Incredible transformation of a former war zone
RWANDA’S capital, Kigali, is buzzing. The hum of construction threatens to drown out the chirping birds nesting in the trees that line the wide boulevards. Moto-taxis carry passengers and cargo — sometimes groceries, often pieces of furniture, or bales of hay — around the city.
These days, they’re not just transport of choice for locals, but for tourists, thanks in part to a new Uber-style app that requires drivers to conform to strict safety standards.
And, almost 25 years after 1994’s genocide, there are more tourists arriving than ever.
The rest of the world is watching with interest. Marriott recently chose Kigali as the location for its first Sub-Saharan property, and other recent openings in the capital include a Park Inn by Radisson.
Kigali, with its coffee shops, boutique hotels and flower-filled parks, is a world away from the Rwanda of 1994, when almost a million people were slaughtered in the space of a few weeks.
But reminders are plentiful. Many of the country’s churches now memorials with many Rwandans seeing them as safety, and believe even animals that retreat to churches will evade predators’ jaws.
In 1994, Tutsis fleeing Hutu militia crowded into the country’s churches. Once inside, they were slaughtered with shocking brutality.
One of the most moving memorials is the Ntarama Memorial, near Kigali. Five thousand people were crammed into this simple brick church when it was attacked by Hutu militia, who climbed onto the roof and fired down onto the mass of tangled bodies. My guide points out holes in the walls where grenades were tossed inside.
Equally moving is the nearby Nyamata Genocide Memorial, the final resting place of 50,000 locals. Inside are piles of victims’ clothing, and in the basement, shelves filled with skulls — the thick fractures which slice across many a reminder that machetes were the instrument of choice.
It’s somewhat surreal, stepping outside a dark, bloodstained church into the blazing sun and a world which has transformed into Africa’s biggest success story.
And Eric Dusingizimana, captain of Rwanda’s cricket team, has played a huge part in that success. I meet him in the dusty grounds of a Kigali college. Until recently, this was where Rwanda’s cricketers came to play. In 2016, Eric broke the world record for the longest time batting (51 hours) to raise money for a new cricket ground.
As we wander through throngs of students, Eric explains that we’re at the scene of Rwanda’s worst mass killings.
In 1994, this was the site of the École Technique Officielle, a Catholic school.
When UN peacekeepers set up camp here, Tutsis flocked to the site, seeking protection. On April 11, the UN left without warning, leaving those inside to the mercy of the machete-wielding Hutus waiting outside. Thousands were slaughtered in a matter of hours.
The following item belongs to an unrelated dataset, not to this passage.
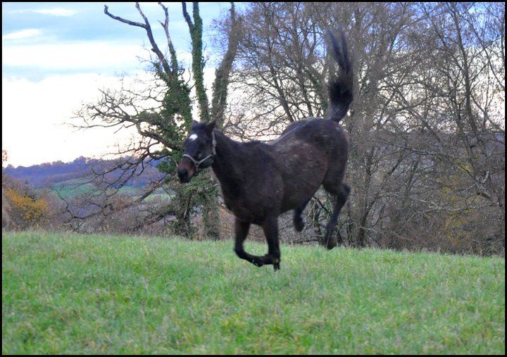 | Dire merci | Ah ca pour avoir la pech ils l'ont ! Un peu trop meme des fois, surtout pour les betises ! Ils sont dans un pré de 4 hectares depuis 2 mois donc ca va il y a encore de l'herbe, mais les dernieres photos, ils sont dans le pré d'as coté qui leur aient innaccessible sans moi . |

We drive to the new cricket ground, a beautiful expanse of immaculately-manicured grass. Instead of stands, there are grassy banks to sit on, and the views over Rwanda’s hills are breathtaking. There’s a spectacular, red brick club house with a beautiful curved roof.
“It mirrors the trajectory of a bouncing cricket ball,” Eric says.
Further proof of Rwanda’s ability to focus on the future comes on a visit to Kigali’s Nyamirambo Women’s Centre, set up to help local women.
“A sewing machine can be very empowering,” sales manager Nadége says.
When the organisation was founded, the women, many of whom were illiterate, worked from home. Profits were poured back into the organisation, and employees now work in a small factory, next to a boutique filled with their work: children’s clothes, stuffed toys made with printed fabric and cushions worthy of a spread in Australia’s top interior design magazines.
The profits also helped fund a library, where an initial collection of 500 books has grown
to 3000. Other sources of income include craft workshops and guided tours of the neighbourhood.
I spend my last few days at Lake Kivu Serena Hotel, on the shores of the body of water that straddles Rwanda’s border with The Congo. It takes me four hours and costs me about $5 to get here, on a local bus which chugs past tea plantations, colourful villages and cyclists clinging onto bumpers of lorries to ease their ascents of Rwanda’s steepest hills.
The hotel’s a popular base for tourists hoping to visit Amashuza Hot Springs, coffee plantations and the gorilla-filled Volcanoes National Park.
As for me? I spend the afternoon sprawled on the hotel’s palm-fringed beach, reflecting on Rwanda’s amazing comeback.
Next year, a new lodge will open in Akagera National Park, which is home to Africa’s famous “Big Five” — lions, leopards, rhinos, elephant and buffalo. Post-genocide, lions disappeared after being hunted by those who’d fled there.
Later this year, luxury safari operator One & Only will open a new lodge in Rwanda’s north. And in June, Kigali’s cricket ground will host its first major tournament — the ICC World Cup T20 Regional Qualifiers, which will unite Rwanda, Tanzania, Uganda and Kenya.
Suddenly 1994 seems like light years away.